During the initial year of the project, a team of 39 researchers and educators across 9 academic institutions and agencies in the Midwest came together with a goal to advance and coordinate research, extension, and implementation of drainage water storage systems, specifically the practices of controlled drainage, saturated buffers, and drainage water recycling.
The project team identified and described a network of 34 experimental drainage sites across 8 states representing 186 site-years of data encompassing a variety of agronomic, hydrologic, and climate data to allow for characterization of production and water quality impacts of drainage water storage. 16 of these experimental sites are currently collecting data to evaluate the drainage practices.
A database framework was developed to manage experimental data from the project area to encourage collaboration and enhancements to the agro-ecosystem model DRAINMOD will allow for improved modeling of drainage water storage.
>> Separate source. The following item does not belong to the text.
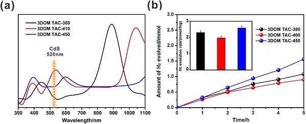 (a) 反射光谱和 (b) 3DOM TAC-380, 3DOM TAC-410,3DOM TAC-450的产氢性能;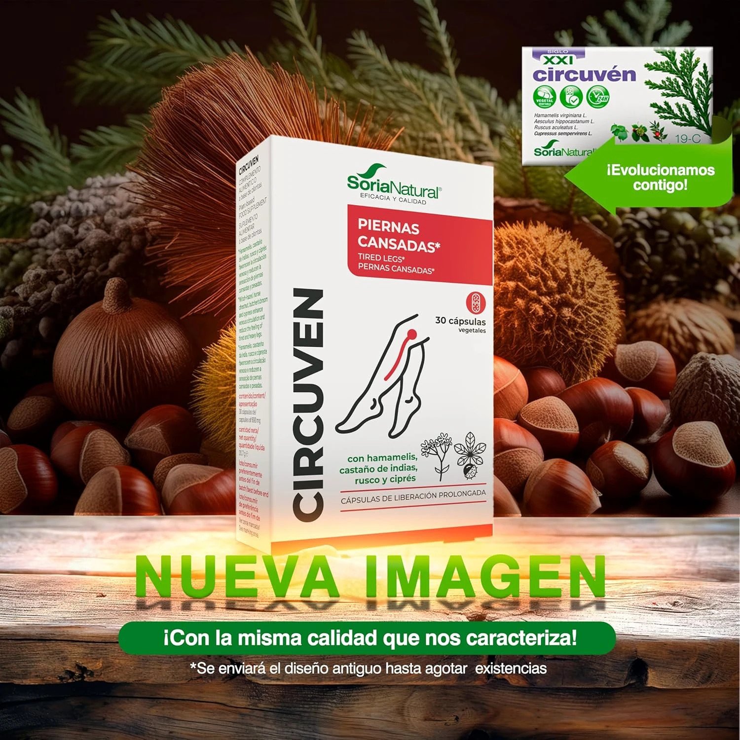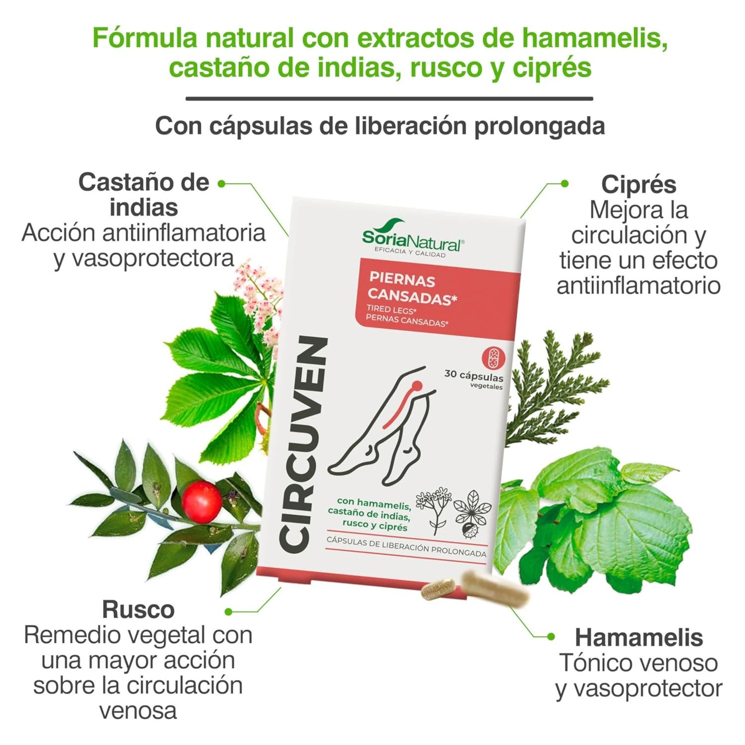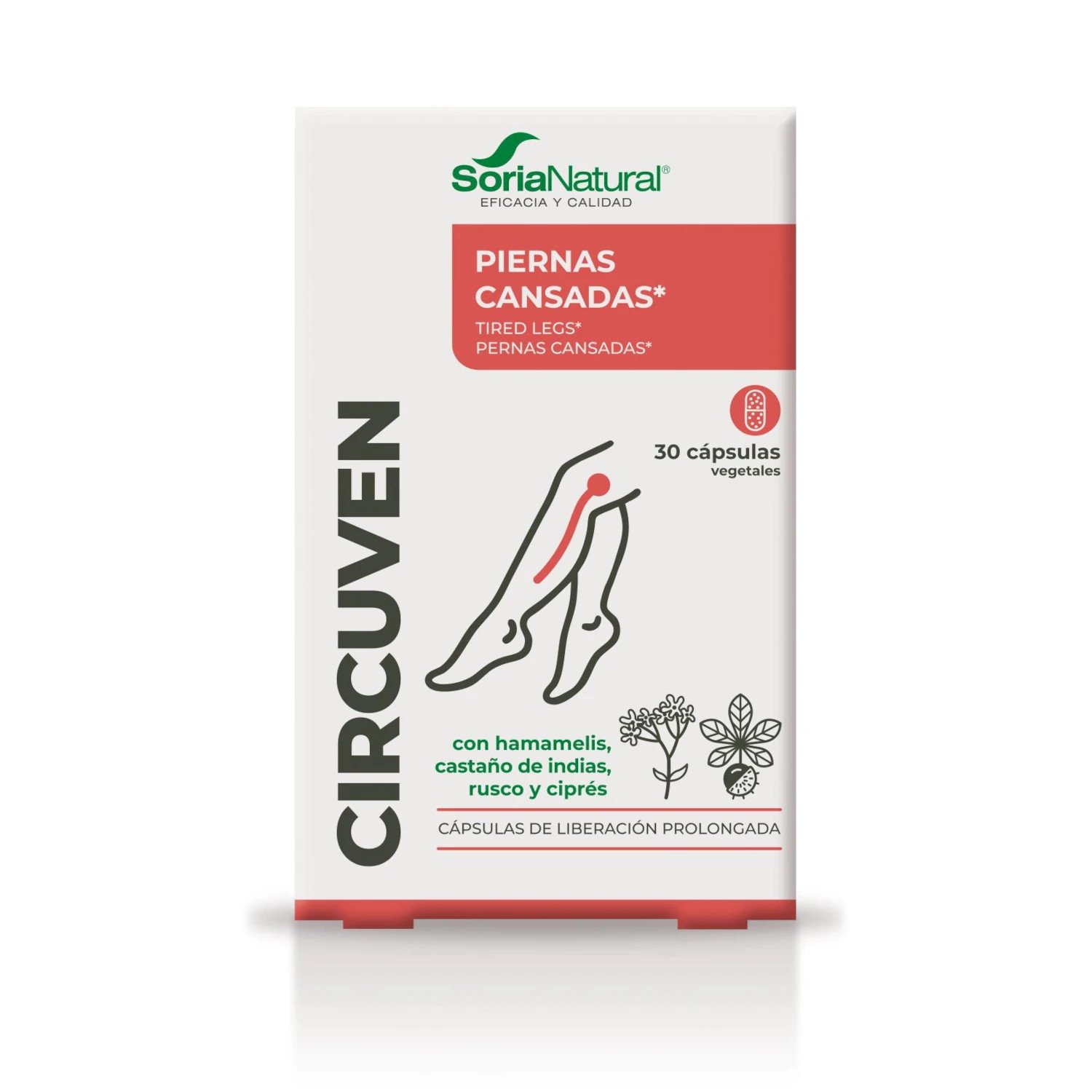 Circuven de Soria Natural es un complemento alimenticio diseñado para mejorar la circulación sanguínea y aliviar la sensación de piernas cansadas. Su fórmula incluye extractos naturales de hamamelis, castaño de indias, rusco y ciprés, ingredientes conocidos por sus propiedades beneficiosas para la salud vascular. Este producto contribuye a reducir la aparición de varices, prevenir su desarrollo y aliviar los síntomas asociados con la insuficiencia venosa.

The team began outreach and education related to drainage water storage in the landscape piloting education modules on soil and water management concepts to grade 9-12 students and teachers, reaching more than 700 drainage stakeholders during Extension events in Illinois, Indiana, Iowa, Minnesota, Missouri, and Nebraska.
9 academic and research presentations were delivered by project team members to more than 400 members of the academic and research communities. These presentations included broad level discussions of the Transforming Drainage project as well as more fine-scale reviews of experimental results and experiences in managing large-scale databases. Outlets for these presentations included NCERA-217, ADMS, American Society of Agronomy-Soil Science Society of America-Crop Science Society of America (ASA-SSSA-CSSA), American Society of Agricultural and Biological Engineers (ASABE), and the Hypoxia Task Force.
Saturated buffers were the focus of 4 field days (1 in Illinois, Iowa, Minnesota, and Nebraska each) and attended by 300 farmers and agency personnel.
At Missouri University Drainage and Subirrigation (MUDS) 2, an experimental site comparing free draining and controlled drainage on a claypan soil, the presence of drainage increased corn yield 15-21% compared to no drainage when non-coated urea was applied. Research results were delivered at 6 field days (5 in Missouri, 1 in Iowa) attended by 250 farmers, contractors, agribusiness representatives and agency personnel.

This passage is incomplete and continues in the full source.